**TASK OBJECTIVE**
Two lines below mark the span: the one containing "Junior from The" and the one containing "Смазываем поверхность баклажанов". Set down both, plus every line between, exactly as they stand, and nothing else.

**EXTRACTED DATA**
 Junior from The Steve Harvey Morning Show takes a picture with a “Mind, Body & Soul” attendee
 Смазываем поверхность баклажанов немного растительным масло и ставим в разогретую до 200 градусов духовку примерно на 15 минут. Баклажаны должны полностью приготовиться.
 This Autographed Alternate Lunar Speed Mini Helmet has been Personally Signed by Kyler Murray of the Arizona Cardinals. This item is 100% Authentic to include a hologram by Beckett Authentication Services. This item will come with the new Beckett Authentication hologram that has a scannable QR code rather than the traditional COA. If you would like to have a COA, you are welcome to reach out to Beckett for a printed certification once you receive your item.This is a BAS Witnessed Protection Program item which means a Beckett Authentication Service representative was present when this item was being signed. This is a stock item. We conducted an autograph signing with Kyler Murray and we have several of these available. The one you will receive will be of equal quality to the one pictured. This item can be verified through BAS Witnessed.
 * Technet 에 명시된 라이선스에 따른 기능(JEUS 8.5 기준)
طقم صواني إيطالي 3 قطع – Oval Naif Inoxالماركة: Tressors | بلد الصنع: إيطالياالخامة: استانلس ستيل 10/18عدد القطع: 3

---

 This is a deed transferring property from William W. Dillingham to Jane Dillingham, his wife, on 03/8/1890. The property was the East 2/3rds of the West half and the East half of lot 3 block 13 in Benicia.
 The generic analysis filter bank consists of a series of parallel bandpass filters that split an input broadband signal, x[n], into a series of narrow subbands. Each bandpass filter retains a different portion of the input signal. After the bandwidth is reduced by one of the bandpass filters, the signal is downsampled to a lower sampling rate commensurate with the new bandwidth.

**OUTPUT OF THE TASK**
 Junior from The Steve Harvey Morning Show takes a picture with a “Mind, Body & Soul” attendee
 Смазываем поверхность баклажанов немного растительным масло и ставим в разогретую до 200 градусов духовку примерно на 15 минут. Баклажаны должны полностью приготовиться.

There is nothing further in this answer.